» WHAT NEEDS TO BE DONE: Please output exactly the lines below, starting at the line that has "走进大连龙卷风队入住的宾馆,耳边不时传来" and ending at the line that has "PSA TOPPS 1972", both included; leave out all pictures and include nothing else.

* * *

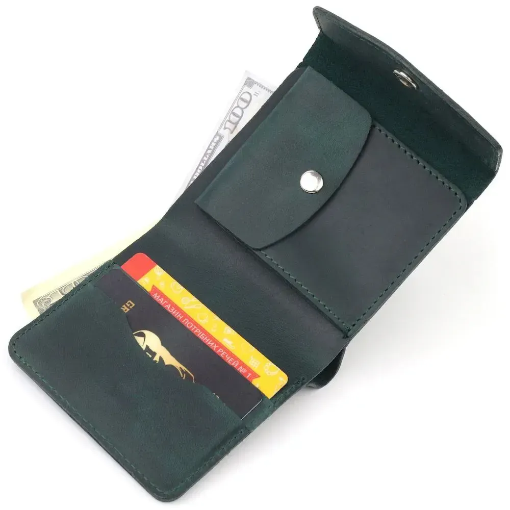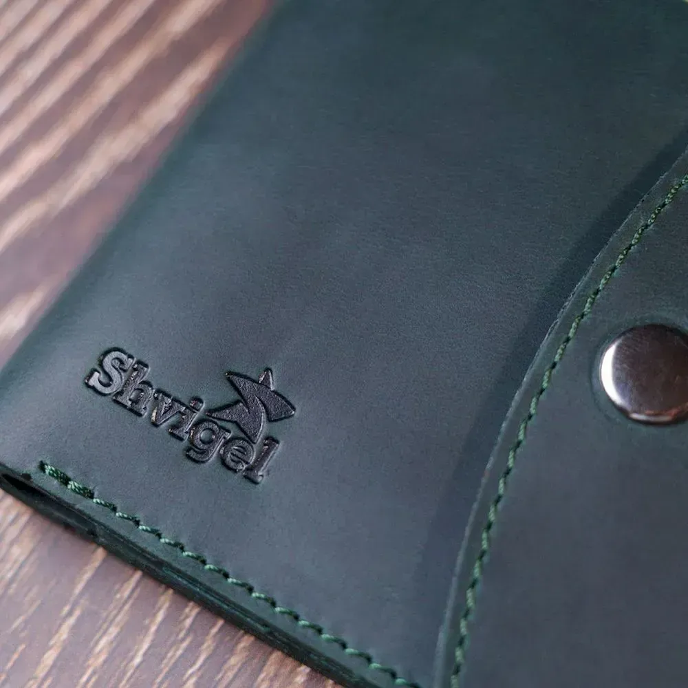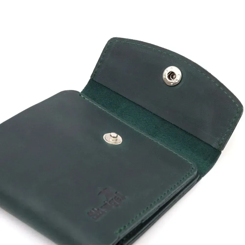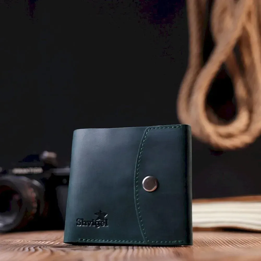 Урожай компактний гаманець зеленого кольору, маленького розміру, який легко поміститься навіть у найменшу сумочку. Аксесуар не займе багато місця та не має зайвої ваги. Закривається гаманець хлястиком із кнопкою. Зовні та всередині виріб виготовлено з натуральної шкіри. На лицьовій стороні гаманець прикрашений тисненим логотипом Shvigel. Добротна вінтажна шкіра прослужить Вам дуже довго.
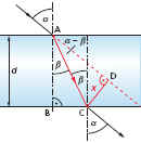 Aufgabe: Berechnen Sie den Betrag der Parallelverschiebung des durchfallenden Lichtstrahles gegenüber dem einfallenden Strahl an einer aus leichtem Kronglas bestehenden, planparallelen Platte der Dicke d = 5 cm , wenn der Einfallswinkel α = 45° beträgt!
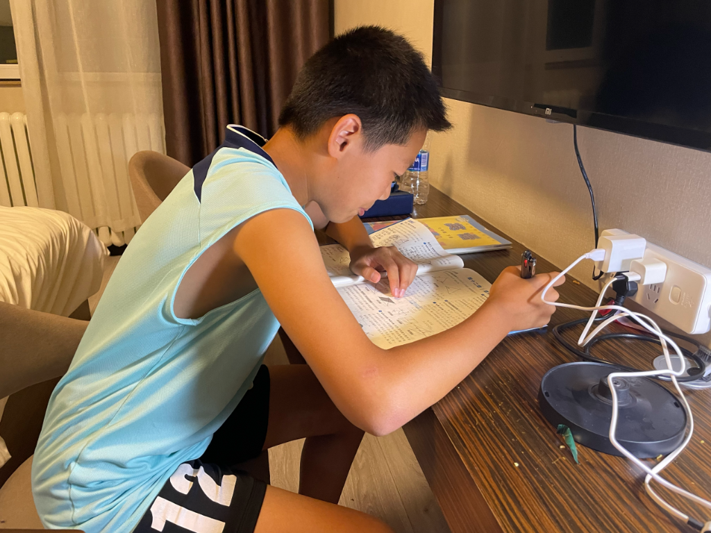 走进大连龙卷风队入住的宾馆,耳边不时传来孩子们大声朗读英语的声音。孩子们正在利用休息时间温习功课。主教练刘全昆介绍,孩子们在晚上都会自觉地投入学习,有的还自己带来台灯,小小的桌子上铺满了书本和文具。
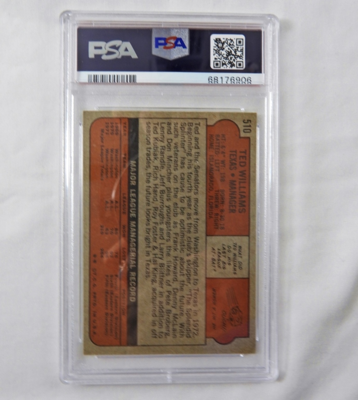 PSA TOPPS 1972 TED WILLIAMS #510 EX 5, 68176906
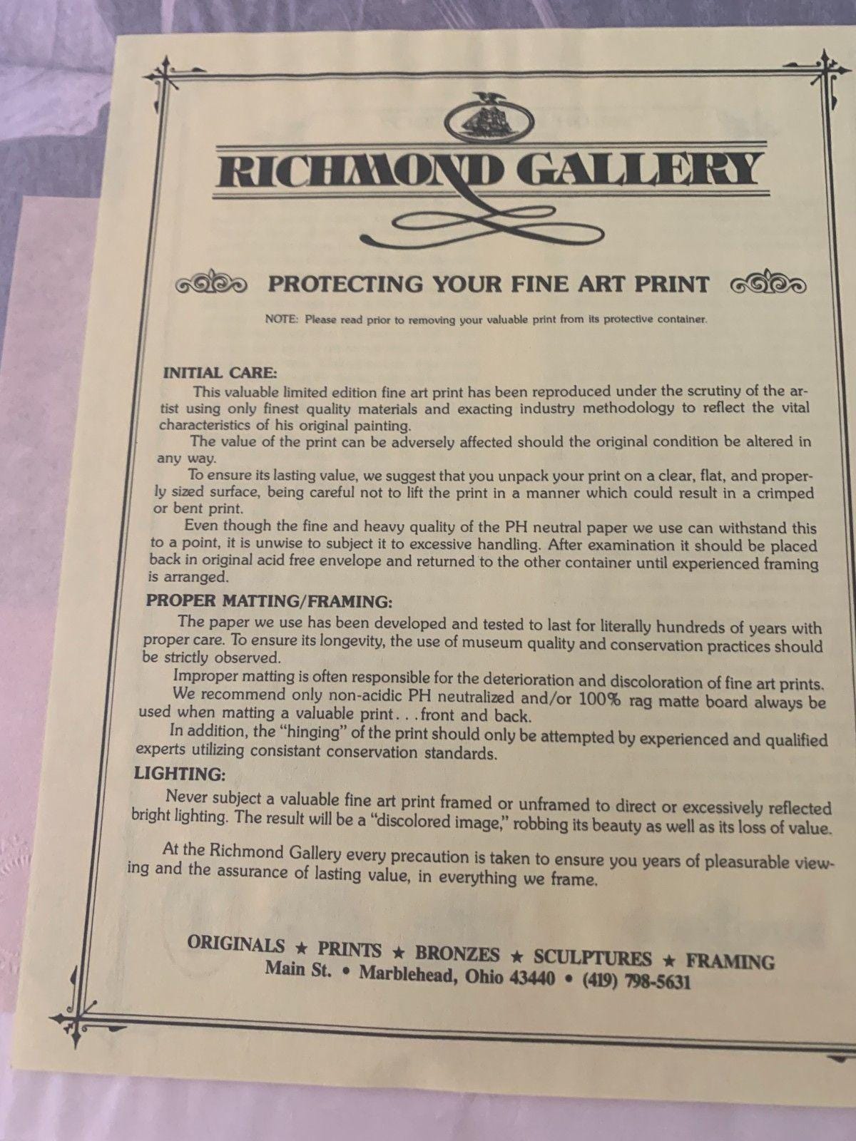 We are currently working with an extensive collection of Ben Richmond art from a private collection. We have numerous framed and unframed prints that will be listed soon. Contact us if you are looking for a specific print.
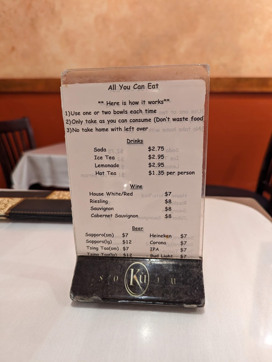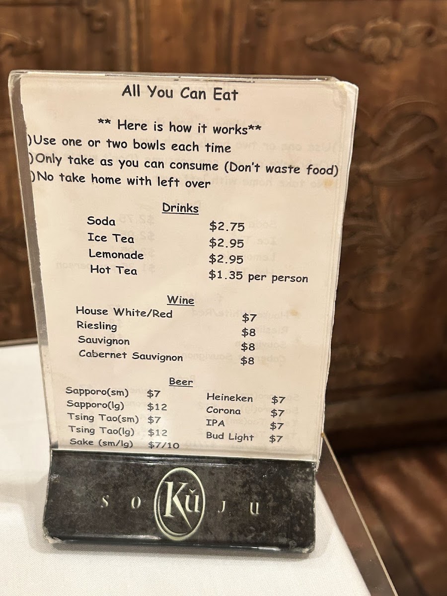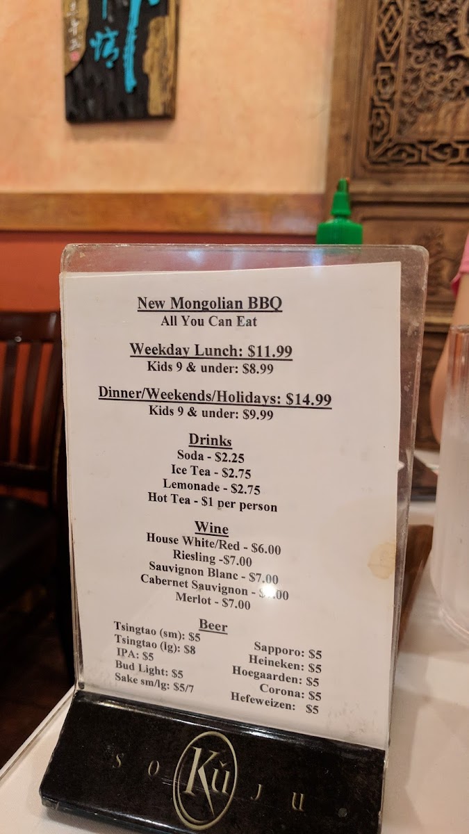 To accompany your savory dishes, New Mongolian BBQ offers a selection of refreshing beverages, including Sapporo and Heineken for just $7. If you're feeling adventurous, why not try the Tsing Tao for $8 or a classic sake at the same price? There's something for everyone to enjoy.
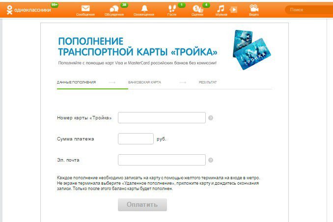 Приложение для пополнения счета карты «Тройка» с помощью банковской карты появилось в соцсети «Одноклассники». Услуга будет доступна как для десктопной, так и для мобильной версии соцсети, комиссия за услугу не берется, говорится в сообщении Ok.ru.
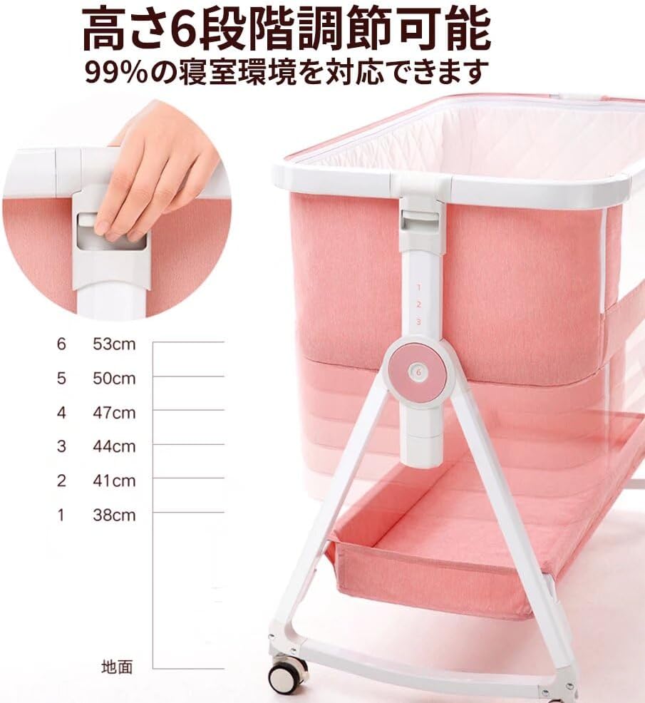 大人のベッドに固定ベルトで連結できるので、夜間授乳やお世話がしやすいく、赤ちゃんを近くで寝かせることができます。折りたたみ可能で旅行や帰省でもご使用できます。
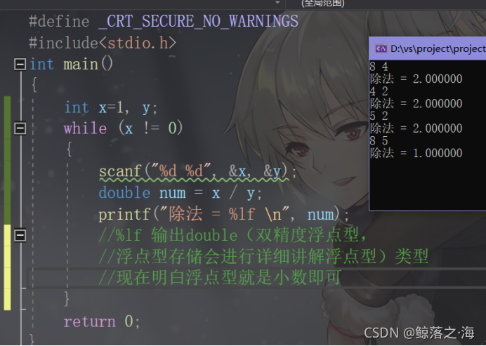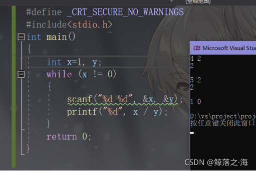 ? ? ? ?另外,同实际生活相同,0不能做除数,编译器不会报错,但计算结果有误,如下图第三次输入,没有结果输出,程序强制结束。
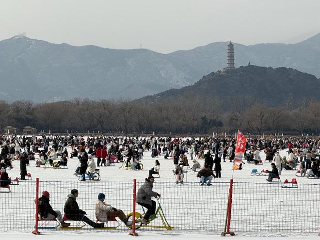 “抬眼是佛香阁,脚下是昆明湖冰面,这就是北京冬天的专属浪漫。”在颐和园冰场入口,游客正排队等候,“冬日限定体验”拉动了市场消费热度;凛冽的寒风也吹不散游客对这份独特体验的期待。这片被誉为“皇家冰场”的游乐场所,凭借古建与冰面相映的独特景致,成为京城冰雪打卡的热门之选。
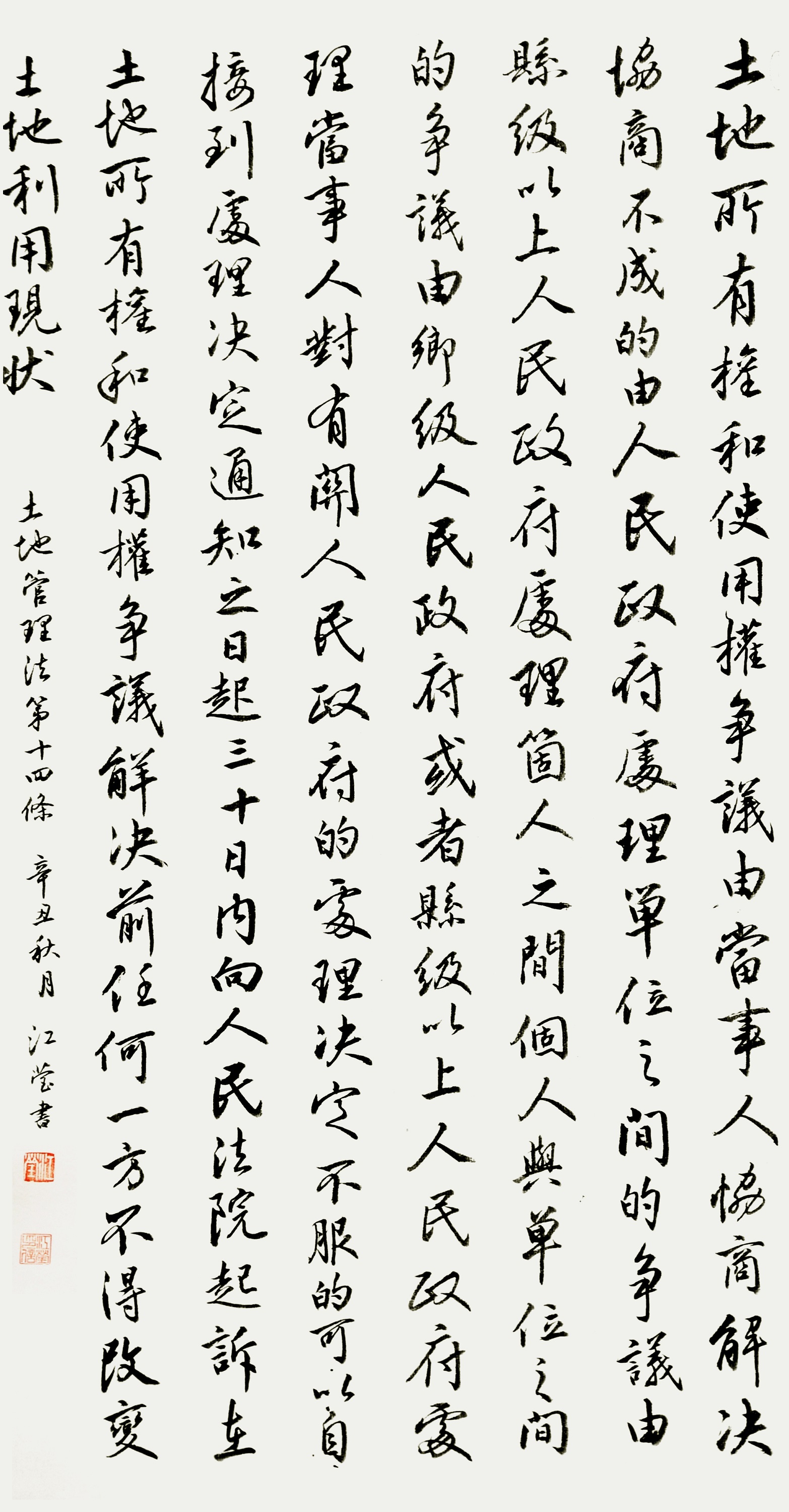 繼1600余位書法家參與書寫《中華人民共和國民法典》全部1260條法條之后,法治日報社聯(lián)合自然資源部法規(guī)司、自然資源部書畫研究會和北京昌平書法家協(xié)會,將筆端對準土地管理“一法一條例”,即《中華人民共和國土地管理法》和《中華人民共和國土地管理法實施條例》。
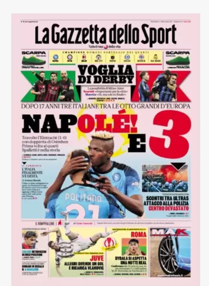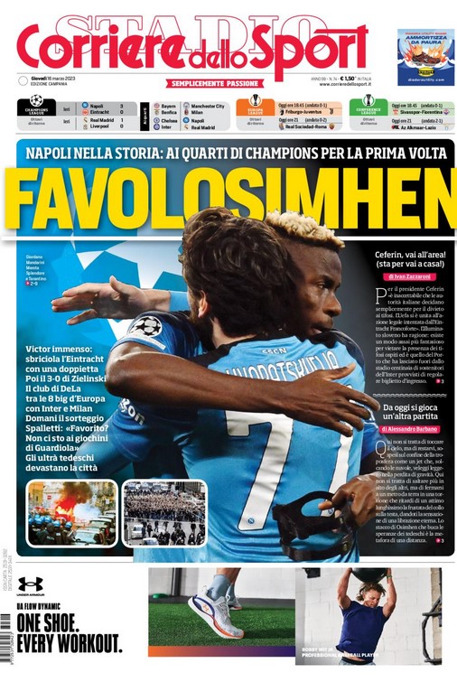 “PRIME PAGINE SPORTIVE”. Rassegna stampa del 16 marzo
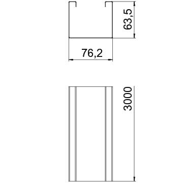 Antibacterial treatment no Dimension 77x64x3000 Height 63,5 mm Length 3000 mm Material Steel Plate thickness 0,8 mm Surface Strip galvanized Width 76,2 mm - All types
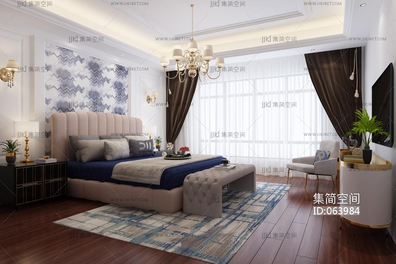 6法式中古家居卧室_主卧_飘窗卧室_高级灰卧室3D模型cr3d模型下载
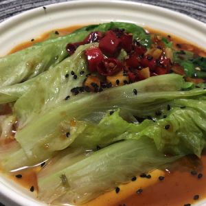 生菜沸水中不要焯太熟,叶软、干待生脆,即可起锅,装盘中,让它继续等待;
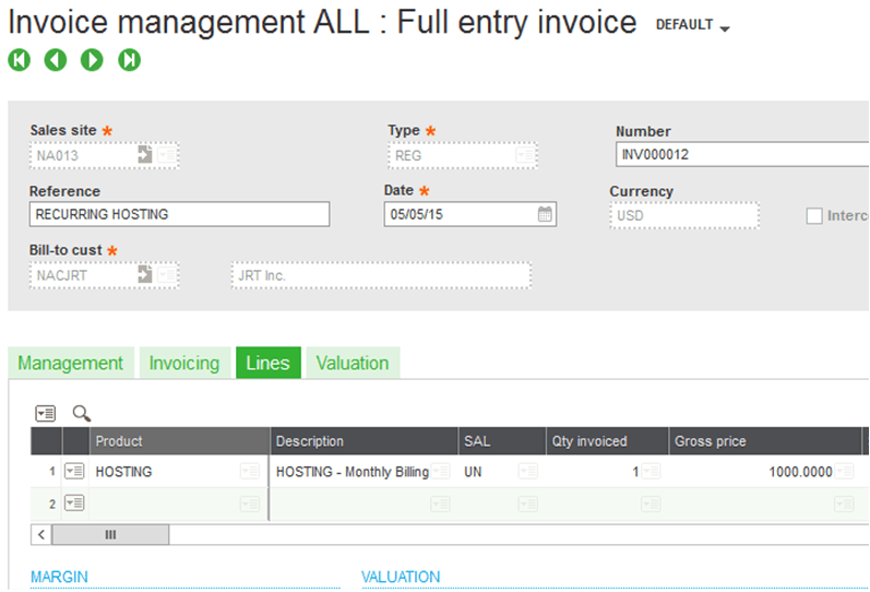 Have you ever wanted to combine a “direct Invoice” and a “recurring billing” in the same sales order? Perhaps there are some lines that must be invoiced for services and others for monthly recurring payments? Interesting thing is you can create this scenario in Sage ERP X3. Here's how.

* * *

» THE COMPLETED TASK:
 走进大连龙卷风队入住的宾馆,耳边不时传来孩子们大声朗读英语的声音。孩子们正在利用休息时间温习功课。主教练刘全昆介绍,孩子们在晚上都会自觉地投入学习,有的还自己带来台灯,小小的桌子上铺满了书本和文具。
 PSA TOPPS 1972 TED WILLIAMS #510 EX 5, 68176906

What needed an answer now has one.